**Task description**:
Repeat the data that follows exactly, starting at the line with "对接触簧片级进模的设计是本设" and ending at the line with "Good place to", and leave out every picture.
══ Exercise input ══
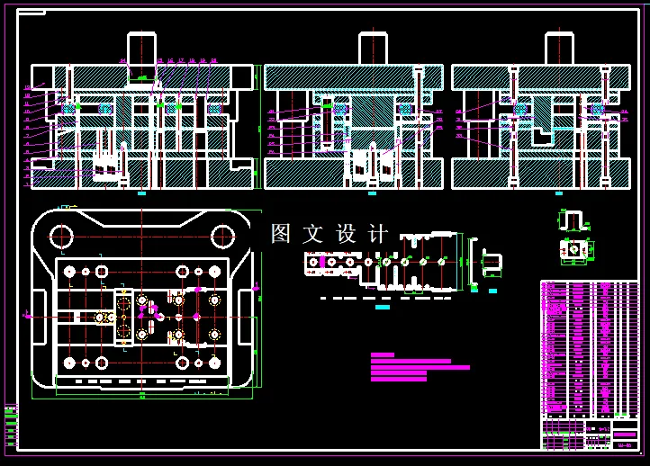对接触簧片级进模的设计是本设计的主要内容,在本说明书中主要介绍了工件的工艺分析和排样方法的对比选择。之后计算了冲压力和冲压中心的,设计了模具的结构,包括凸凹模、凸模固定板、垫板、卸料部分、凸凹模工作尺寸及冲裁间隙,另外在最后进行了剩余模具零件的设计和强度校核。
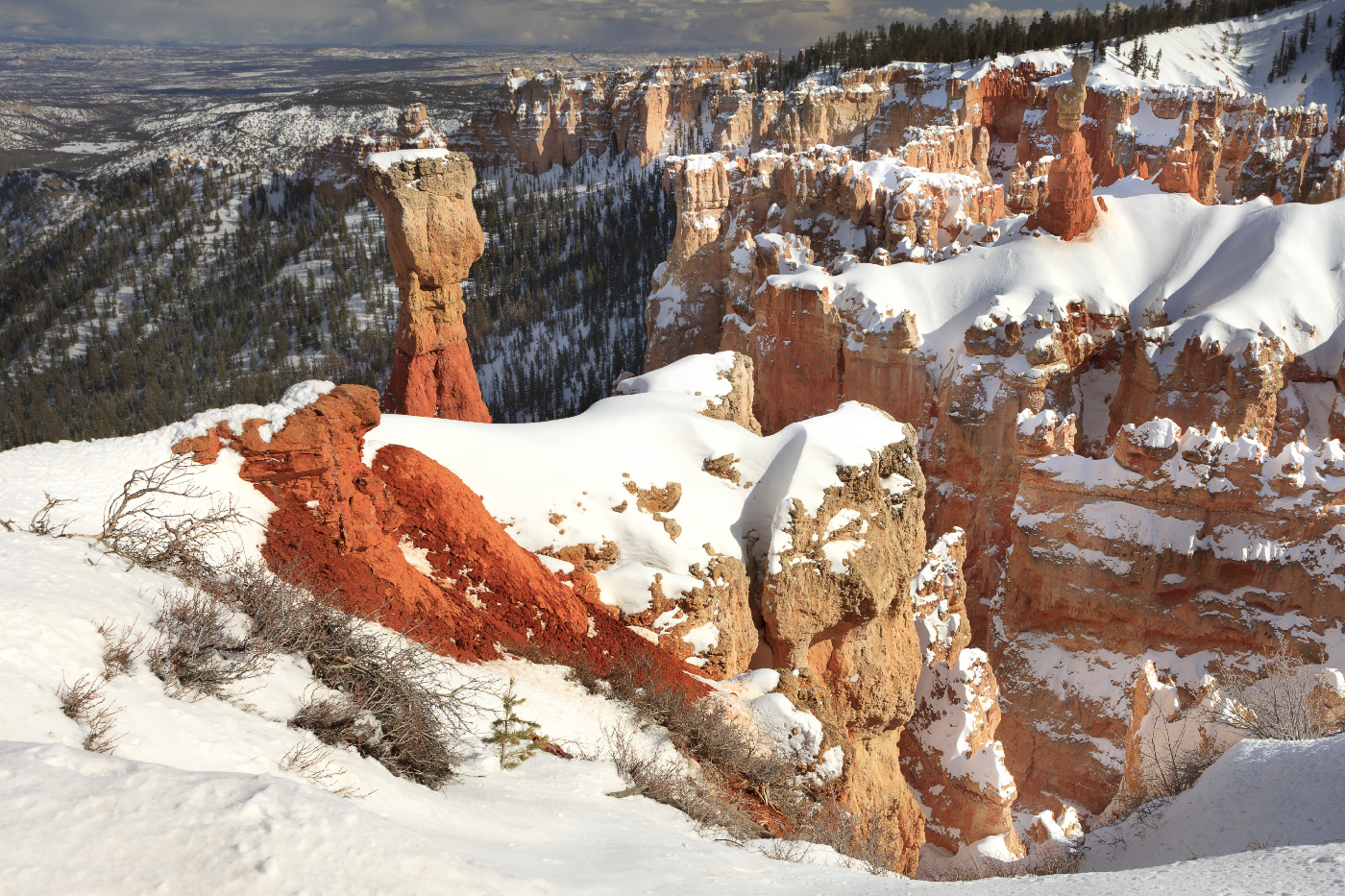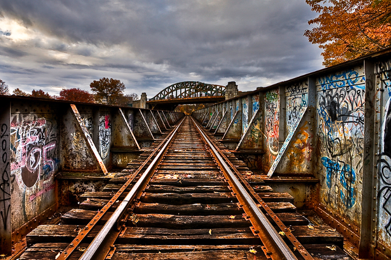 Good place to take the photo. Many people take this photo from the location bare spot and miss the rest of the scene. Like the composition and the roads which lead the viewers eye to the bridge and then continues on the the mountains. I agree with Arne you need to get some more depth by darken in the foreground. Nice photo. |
═══
══ Exercise input ══
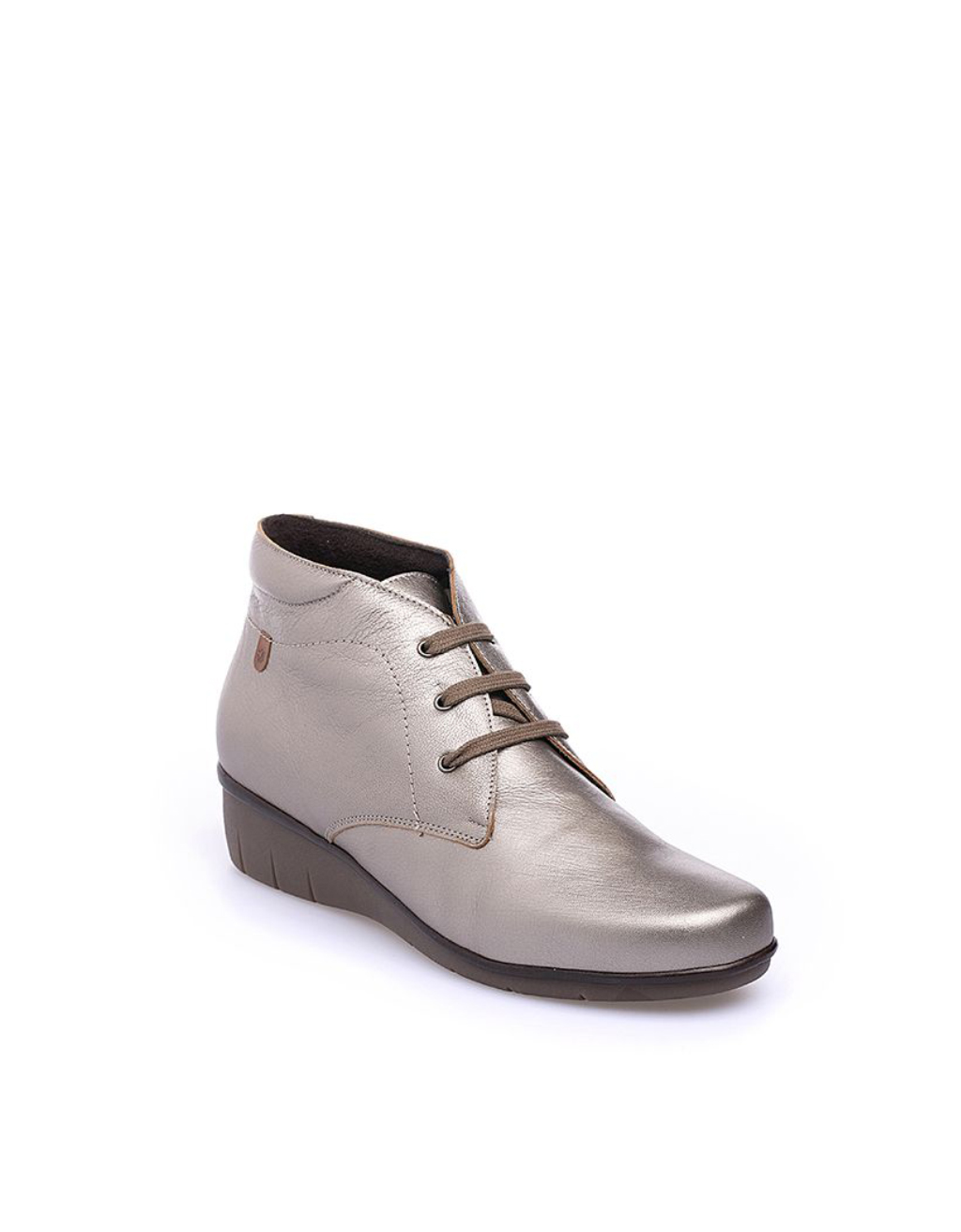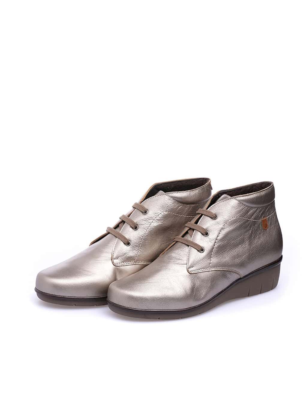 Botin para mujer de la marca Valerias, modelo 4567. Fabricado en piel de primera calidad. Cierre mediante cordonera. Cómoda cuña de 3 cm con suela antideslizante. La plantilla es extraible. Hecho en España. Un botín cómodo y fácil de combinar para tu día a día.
═══
══ Exercise input ══
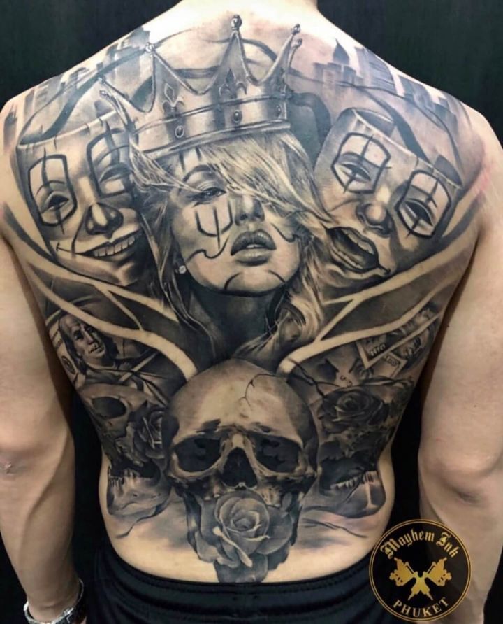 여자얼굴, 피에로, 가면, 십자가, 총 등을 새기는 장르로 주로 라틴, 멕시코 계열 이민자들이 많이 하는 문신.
═══
**Answer to this exercise**:
对接触簧片级进模的设计是本设计的主要内容,在本说明书中主要介绍了工件的工艺分析和排样方法的对比选择。之后计算了冲压力和冲压中心的,设计了模具的结构,包括凸凹模、凸模固定板、垫板、卸料部分、凸凹模工作尺寸及冲裁间隙,另外在最后进行了剩余模具零件的设计和强度校核。
 Good place to take the photo. Many people take this photo from the location bare spot and miss the rest of the scene. Like the composition and the roads which lead the viewers eye to the bridge and then continues on the the mountains. I agree with Arne you need to get some more depth by darken in the foreground. Nice photo. |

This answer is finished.